Now the two models should be equivalent

In [None]:
res1 = stan_model2.log_prob(x_log_test_value1)
res2 = stan_model2.log_prob(x_log_test_value2)
f"{res1=:.3f}, {res2=:.3f}, {res1-res2=:.3f}"

'res1=-12.737, res2=-68.422, res1-res2=55.685'

In [None]:
pymc_log_prob = pymc_model2.compile_logp()
res1 = pymc_log_prob({"x_log__": x_log_test_value1})
res2 = pymc_log_prob({"x_log__": x_log_test_value2})
f"{res1=:.3f}, {res2=:.3f}, {res1-res2=:.3f}"

'res1=-17.653, res2=-73.981, res1-res2=56.328'

(It's not exactly the same though, so I may be missing something small, or we see rounding errors here)

And if you try to use a forward sampling routine like `sample_prior_predictive` or `sample_posterior_predictive` PyMC will warn you that Potential terms are simply ignored by those.

In [None]:
with pymc_model2:
    sample_prior_predictive()

  sample_prior_predictive()


We want to add a [second warning](https://github.com/pymc-devs/pymc/discussions/5404) for when a user defines a `transform` (not a `default_transform`), for similar reasons. Custom transforms don't have any effect on forward draws, and can cause a mismatch between the forward and logp sampling methods of the same model.

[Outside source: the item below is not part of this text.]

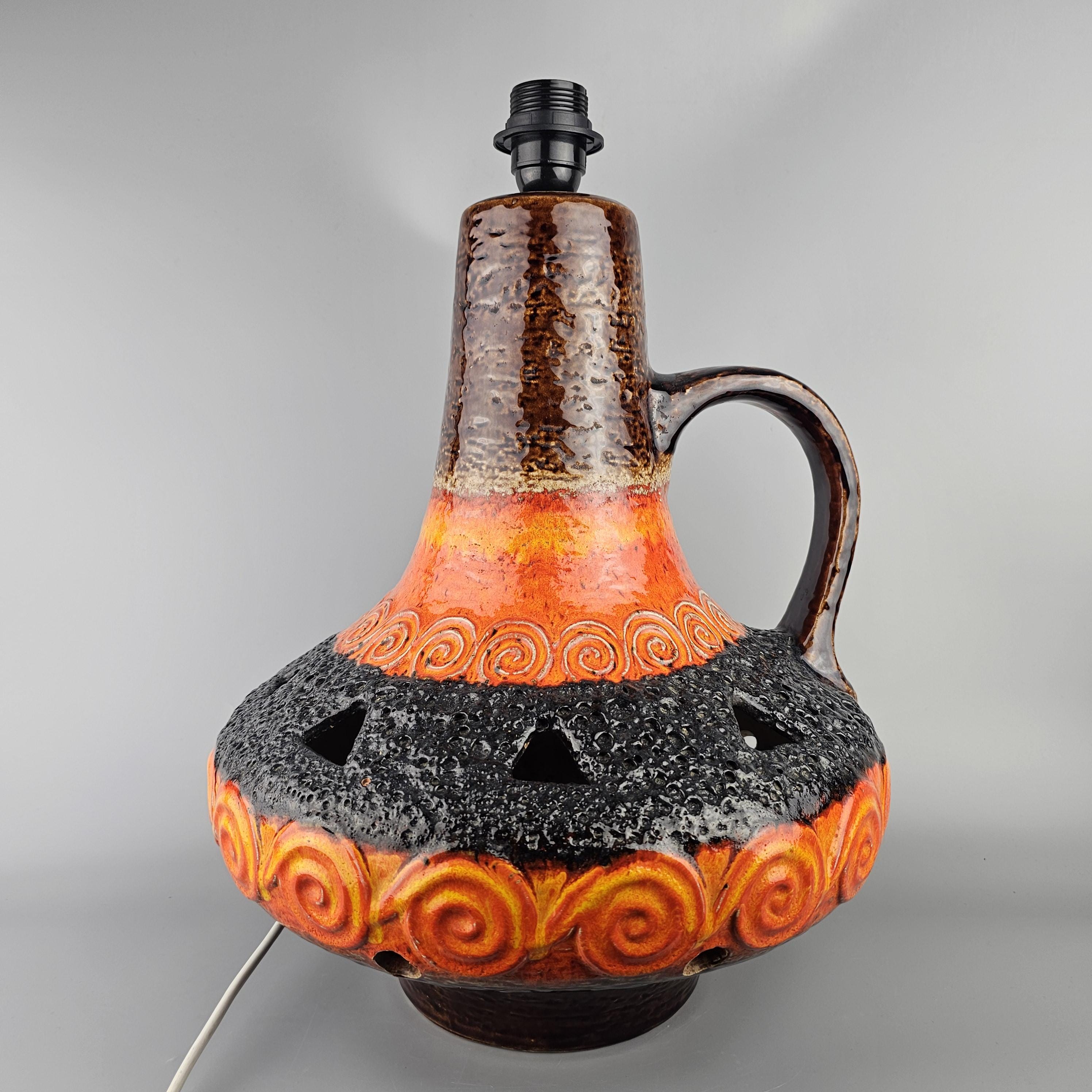 "A fantastic large orange and brown vintage fat lava table lamp base. This West Germany glazed ...

`draw` has no concept of a Model, and simply evaluates the random graph without any warnings.

In [None]:
draw(x)

array([0.37580074, 0.11988222, 0.37292105])

## Writing PyMC models as if it were Stan

It is possible, although not pretty, and likely silly, to translate Stan models to PyMC line-by-line.

The trick is to force PyMC to create parameters without assigned-densities, using `Flat`, and providing custom `transform`s to define the constraints on these parameters.

Once we have the variable returned by `Flat` we can chain arbitrary Potential terms like Stan does once you strip the syntactic sugar.

In [None]:
with Model() as pymc_model2_eq:
    x = Flat("x", shape=(3,), default_transform=transforms.log)

    Potential("x_term[1:2]", Exponential.logp(x[:2], 1))
    Potential("x_term[3]", Normal.logp(x[2], 0, 1))
    Potential("x_term", Normal.logp(x, 0, 1))
    Potential("y_term", Normal.logp(np.array([0, 1, 2]), 0, x + 1))

In [None]:
pymc_log_prob = pymc_model2_eq.compile_logp()
res1 = pymc_log_prob({"x_log__": x_log_test_value1})
res2 = pymc_log_prob({"x_log__": x_log_test_value2})
f"{res1=:.3f}, {res2=:.3f}, {res1-res2=:.3f}"

'res1=-18.347, res2=-74.674, res1-res2=56.328'

### Note on requesting densities from PyMC

Final note, for brevity I used `Normal.logp(x, 0, 1)` syntax which is discouraged, as not all Distributions have a `.logp` method and the parametrization accepted by them can be non-intuitive. The "valid" way to get the logp would be:

```python
from pymc import logp

logp(Normal.dist(0, 1), x)
```
Where we create a dummy `Normal` random variate just to extract the corresponding logp term. This will work with any distribution / parametrization, as well as arbitrary graphs of random variables, as long as PyMC can derive its density.